Five years ago, the idea of exporting U.S. gas and oil was not only unheard of, but, in the case of most U.S. crude oil, illegal. At that time, the United States was facing a future of dwindling domestic supplies and vulnerability to foreign producers. It was anxiously building facilities to import natural gas, worried about ever-higher prices and building much of its foreign policy on the need to secure energy supplies.
But U.S. energy production has boomed with the technological revolution of hydraulic fracturing, known as fracking, and the ability to tap newly accessible massive reserves. The nation surpassed Russia in 2009 as the largest producer of natural gas and is expected to zip past Saudi Arabia next year to become the largest oil producer in the world.
Now, the U.S. energy industry is pushing for a new era of exports.
The new liquefied natural gas plant under construction by Cheniere Energy Inc. along a waterway known as Sabine Pass in Louisiana is the first large-scale export facility approved in the country, expected to begin operation next year. Twenty-one other proposed plants are awaiting federal approval, 17 of which would line the Gulf Coast, with four others on the Atlantic and Pacific shores.
Although energy companies are legally free to export natural gas, they must go through a lengthy review process for building the multibillion-dollar terminals that are required to turn it into a liquid so it can be transported on ships.

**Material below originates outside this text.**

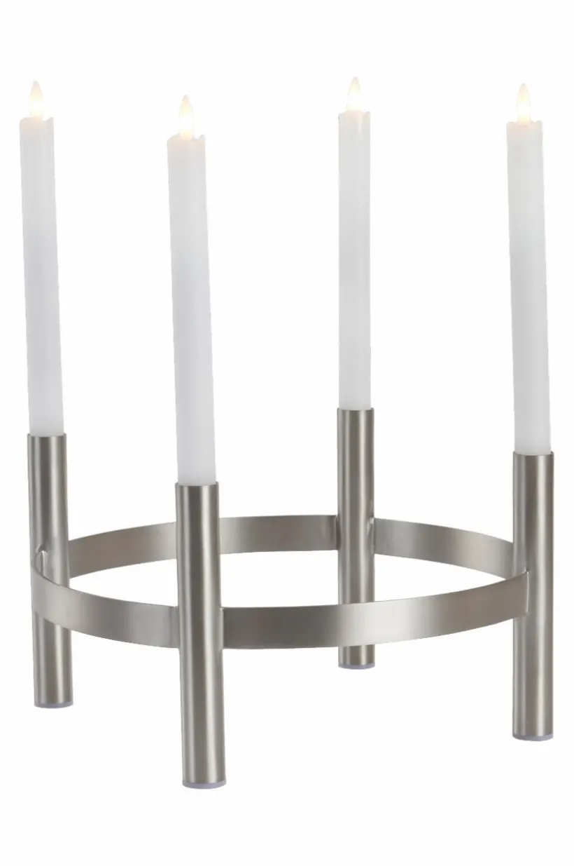 Ljusstake av järn. Den runda ljusstaken är strikt och stilren med fyra ljushållare. Den är vacker i sin enkelhet och du kan dekorera den med någon slingrande kvist eller ett band. Den svarta har matt pulverlack och den silverfärgade har borstad finish. HENRY gör sig fint som adventsljusstake och passar också fint till sommarfestens dukning. Det är en ljusstake som passar året om och den är vacker både till vardag och fest. Ljus medföljer ej.

Crude oil, meanwhile, is largely subject to an export ban enacted in the 1970s-era energy crisis, when long lines at gas stations and soaring prices led to political pressure to save domestic resources for American consumers.

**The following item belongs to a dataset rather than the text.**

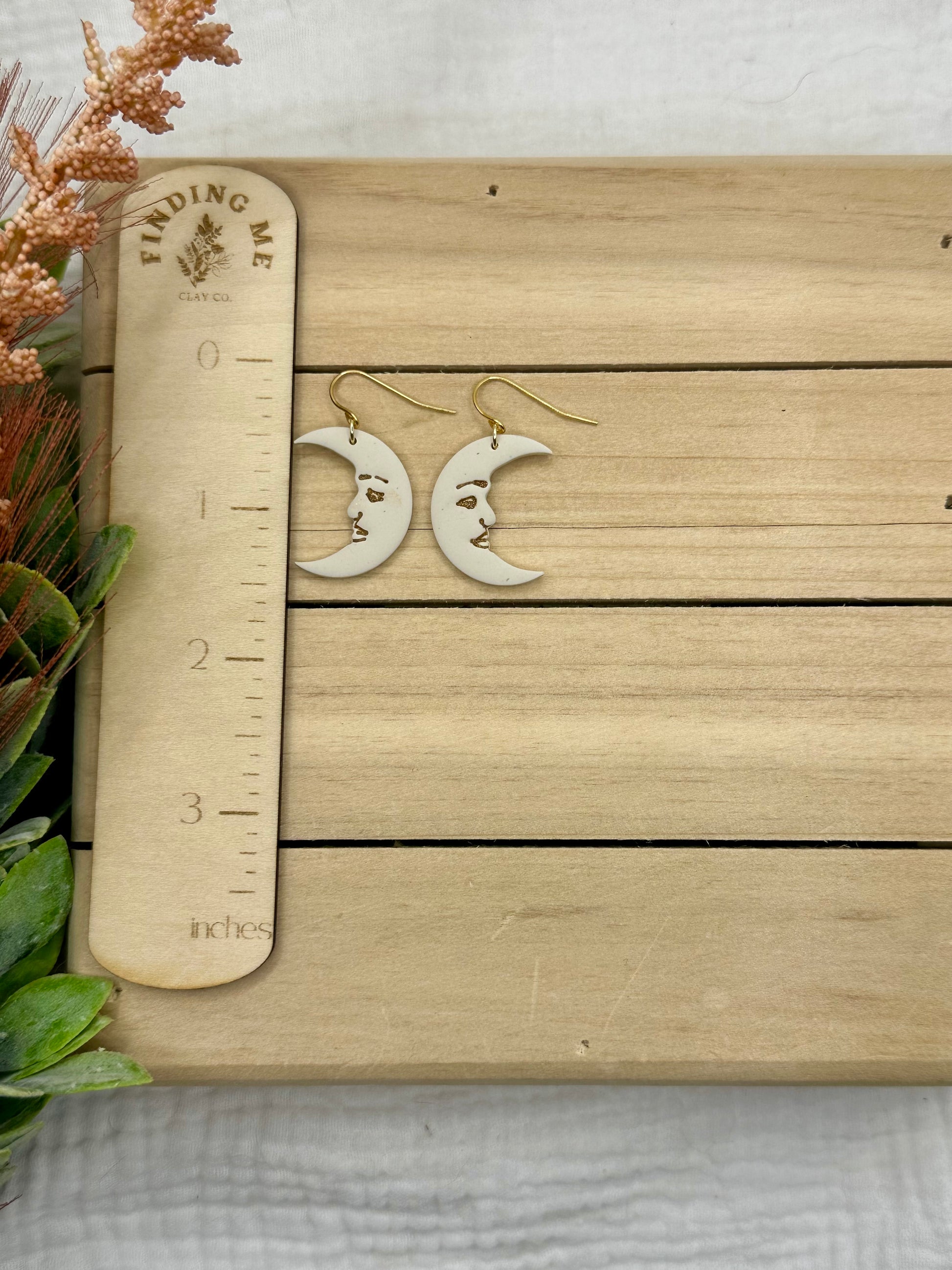 Handmade polymer clay earrings. All on hypoallergenic surgical grade steel findings. Celestial moon embossed with bronze on gold coated surgical steel hooks

The oil and gas industry is pushing the Obama administration and Congress to legalize crude exports and speed up the process of licensing gas export terminals. Industry officials argue that the U.S. is now in a position of economic strength and national security that will be further enhanced by energy exports. Foreign markets for U.S. crude and natural gas will spur additional production, create thousands of new jobs, enable the U.S. to counter hostile foreign energy powers and generate billions of dollars in wealth, according to the American Petroleum Institute. Already, the U.S. is exporting 3 million barrels of gasoline per day.
So, if we’re exporting oil why is gas still over $4 a gallon? Oh right–because oil is sold on a world market, and it doesn’t really make a hill of beans worth of difference where it’s produced.
On a broader level, though, given what we know about climate change and CO2, there’s something nearly nihilistic about writing an article in which the U.S. is set to frack and drill its way to becoming one of the world’s lead oil and gas producers, without mentioning the fact that the planet will become uninhabitable by humans if all of that gas and oil is extracted and burned.
But as Robert Cruickshank pointed out to me on Twitter when I highlighted the article, it shouldn’t be too surprising. The author of the piece is Ralph Vartebedian, the same guy who took over the California high-speed rail beat to mercilessly sandbag the project. Vartebedian pretty clearly has a pro-oil industry agenda at the L.A. Times and can’t be counted on for unbiased journalism on energy-related issues.